The reason Sigloch says this is that the team's analysis of the "tree" of magma that underlies both Réunion and the EARZ suggests that it's in the process of forming another branch -- another mantle plume -- that will ultimately end up underneath what is now South Africa.  "In tens of millions of years, a blob of nightmarishly gargantuan proportions will pinch off from the central cusp," Sigloch said, in an interview with Quanta magazine.  "This would produce cataclysmic eruptions.  The Deccan Traps [one of the largest volcanic eruptions ever, and which probably contributed to the extinction of the non-avian dinosaurs 66 million years ago] were caused by what we would think of as a solitary mantle plume.  This future mega-blob, though, would be capable of producing volcanism so prolific and extensive that the Deccan Traps would be a firecracker in comparison."

Pretty scary.  But like I said, if you want to visit South Africa, or if you live there, you still have a ten-million-year window to take care of business.  What's interesting from a geological perspective is that up till now, South Africa has been very stable tectonically.  The majority of the country is made of extremely old rock, what geologists call a "craton" -- a chunk of some of the oldest continents on Earth.  A massive flood basalt eruption, like the Deccan Traps, the Columbia River Flood Basalts, and the largest of them all -- the Siberian Traps, implicated in the cataclysmic Permian-Triassic Extinction -- would (literally) overturn three billion years of stable geology, with catastrophic results for the entire planet.

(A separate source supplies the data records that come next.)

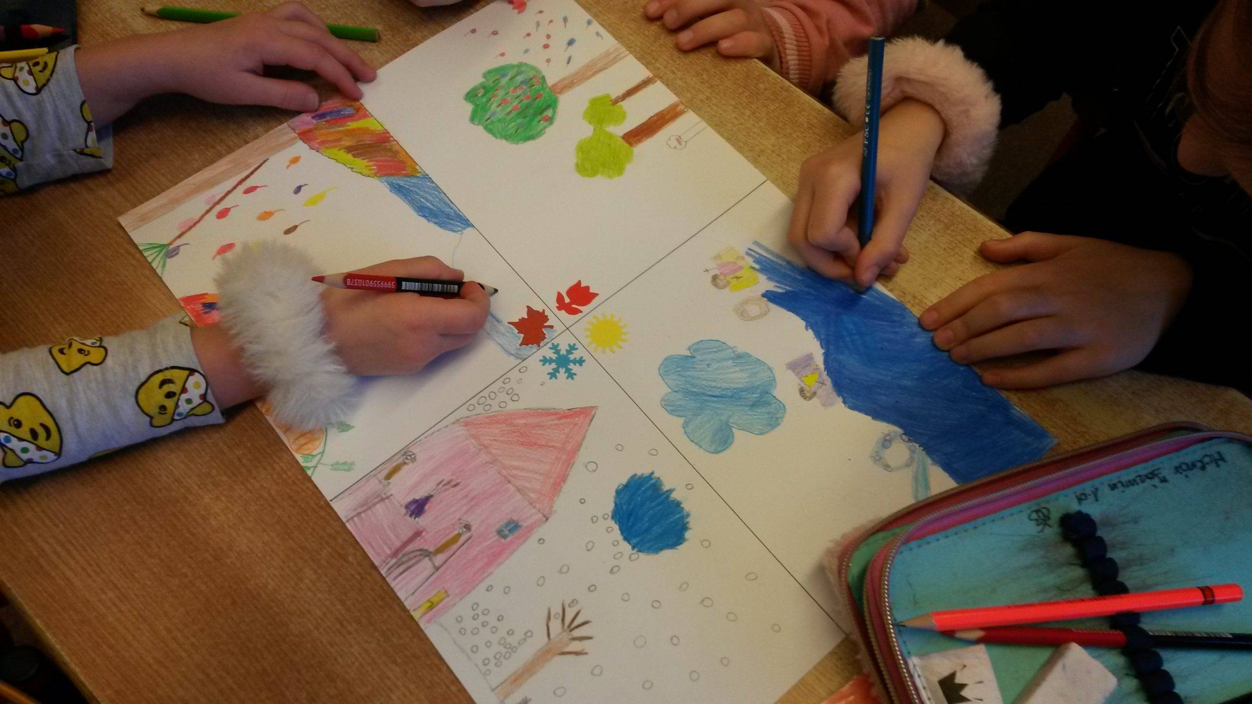 Első osztályos csapatunkkal a boldogságórák megvalósításakor mindig nagyon sok tevékenység központú módszert alkalmazunk. Az Apró örömök témakör adta magától, hogy az érzékelés-észlelés előtérbe kerüljön. Mivel évszakforduló is van ebben a hónapban, a télből a tavaszba lépünk, elsőként az évszakok nyújtotta apró örömöket elevenítettük meg rajzos formában, csoportmunkában. Majd az érzékszervek megismerése után tavaszi örömfát készítettünk. Napokig figyelték tanulóink, hogy milyen apró örömök érik őket. Aztán összegzésként mindenki felragaszthatta az örömfára az őt ért apró örömöket. Bevettük a hónapba a Víz világnapját is, ahol óriásplakáttal ünnepeltük az éltető vizet. Nagy segítségünkre szolgáltak ebben a hónapban a Pozitív gyerek vagyok személyiségfejlesztő kártyák, illetve Bagdi Bella dalai. A hónap végén, jó időben a gyerekekkel a természetben élveztük az apró örömöket, amelyeket rögzítettek is a feladatlapon.
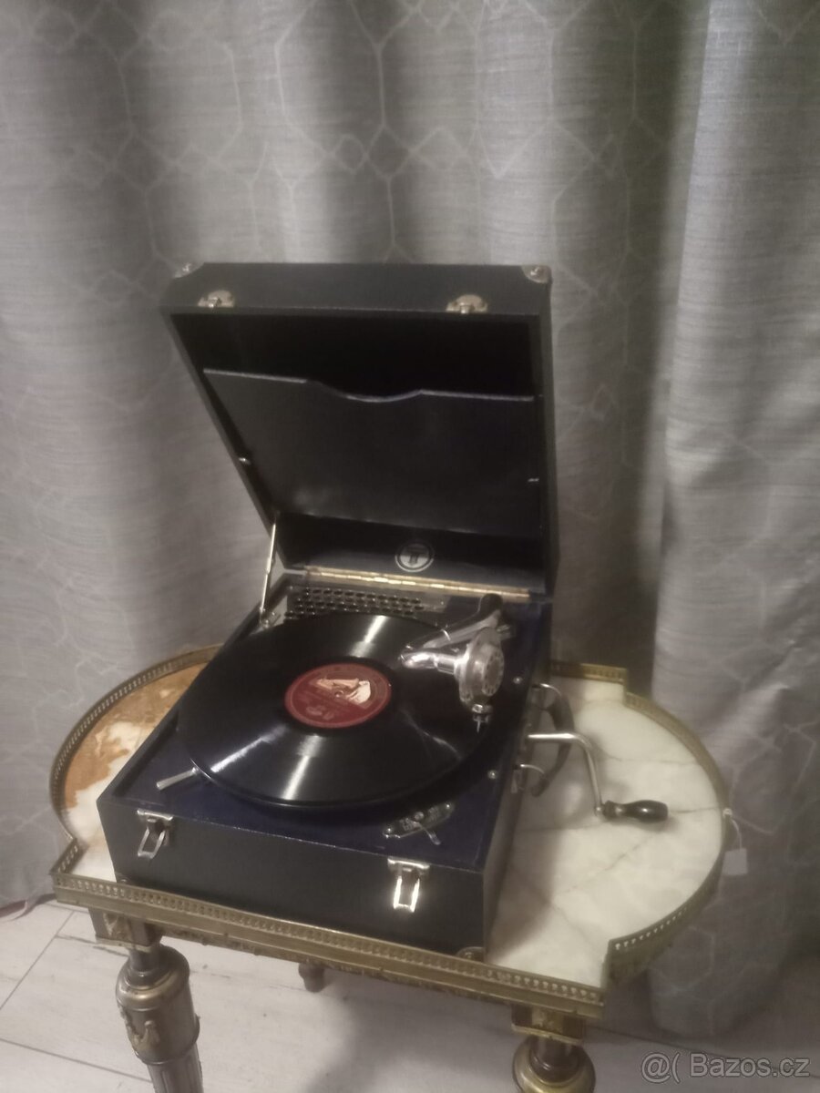 Kufříkový gramofon okolo roku 1930, perfektní stav. Vyčištěn, promazán, zcela funkční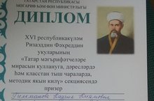XVI Республиканские педагогические чтения имени Р.Фахреддина 20.02.2020 20 февраля 2020 года на базе муниципального бюджетного образовательного учреждения «Гимназия №1 им.Р.Фахретдина» Альметьевского муниципального района Республики Татарстан прошел очный этап XVI Республиканских педагогических чтений имени Ризаэддина Фахреддина для педагогических работников общеобразовательных организаций Республики Татарстан, где приняла участие и заняла призовое место учитель татарского языка и литературы МБОУ «Шахмайкинская СОШ» Гильманова Кадрия Киямовна. Она награждена Дипломом МО и Н РТ.
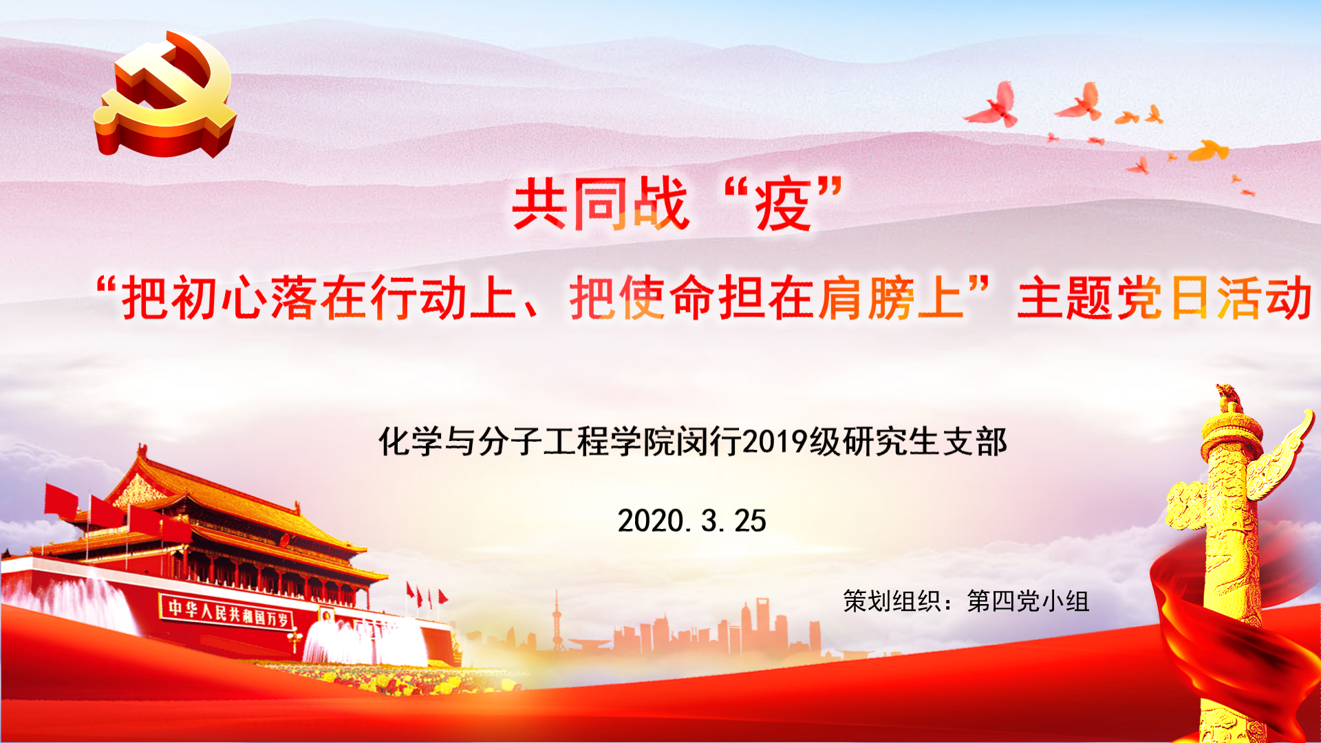 其他支部也分别通过线上平台学习习近平总书记重要讲话、关于疫情的科学知识、中央的一系列文件,学习在抗疫中涌现出来的先进事迹和模范人物,,在这场战“疫”中,党员干部冲锋在前,这些都给党员同志们上了一堂生动的党课各支部线上讨论分享如何发挥党员的先锋模范作用,表达了对中国制度优越性的自豪和作为中国人的骄傲,同时表达了对抗疫一线的工作人员、社会各处的志愿者们、在后方维持稳定、保证物资供应的公务人员及抗疫中涌现出的先锋企业及先进人物的敬意。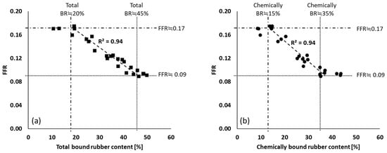 FFR vs. bound rubber content: (a) FFR vs. total bound rubber and (b) FFR vs. chemically bound rubber; (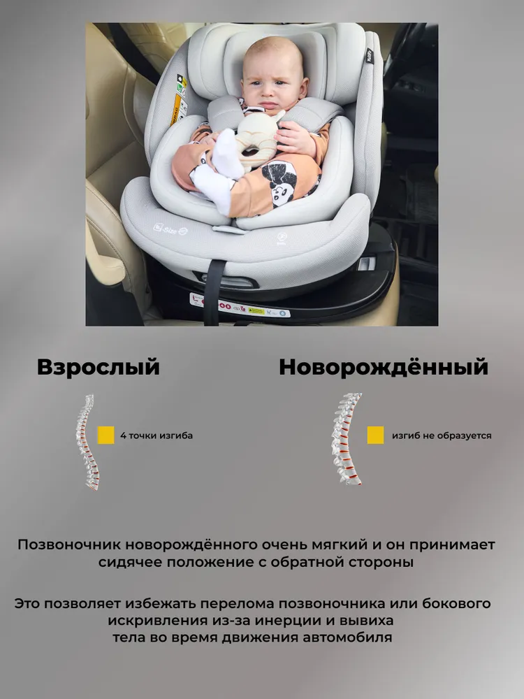 Удобная посадка с поворотом на 360 Поворотный механизм упрощает посадку и высадку ребенка, экономит время родителей и помогает правильно натянуть внутренние ремни безопасности. Пятиточечная система удержания распределяет нагрузку и надежно фиксирует малыша в кресле.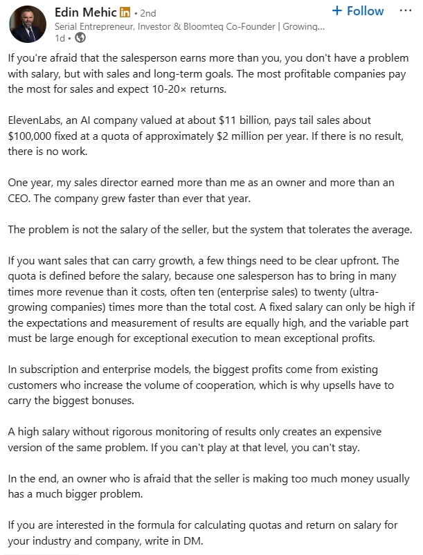 Edin focuses his posts on the mindset required for successful entrepreneurship.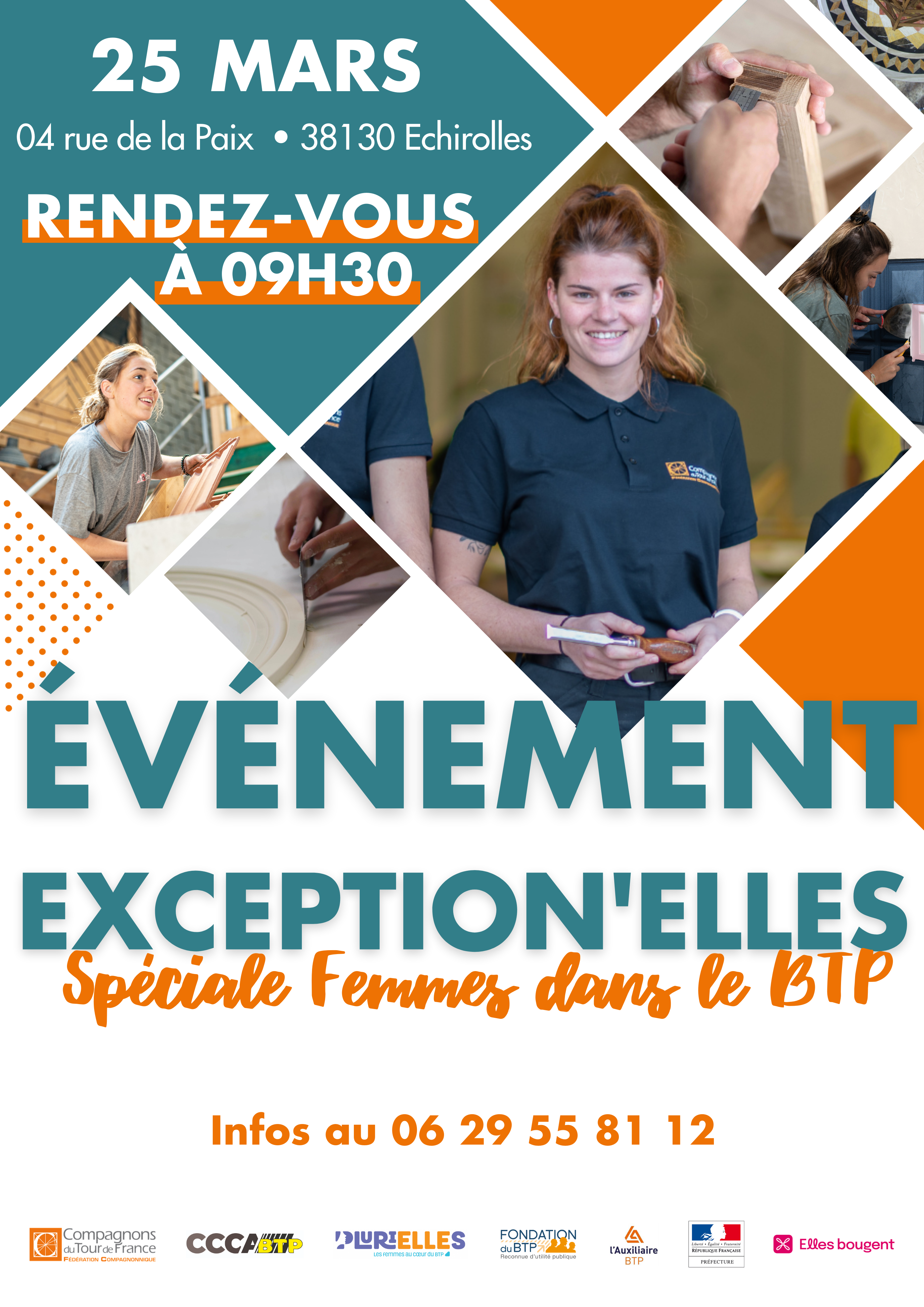 Nouveaux rendez-vous "Exception'ELLEs"! Les équipes des Compagnons du Tour de France Echirolles vous proposent des ateliers dans le cadre de l'immersion professionnelle, des rendez-vous avec les métiers du BTP.

So yeah.  That's cheerful.  But since we have ten million years before we have anything serious to worry about, it'd be better if to turn your attention to more pressing concerns, even if you live in Johannesburg.  Like what we're doing to destroy the global ecosystem our own selves by our seeming commitment to burn every last gallon of fossil fuels out there, damn the climate, full speed ahead, and which could make the Earth pretty close to uninhabitable a great deal sooner. 

Which now that I think of it, isn't all that reassuring.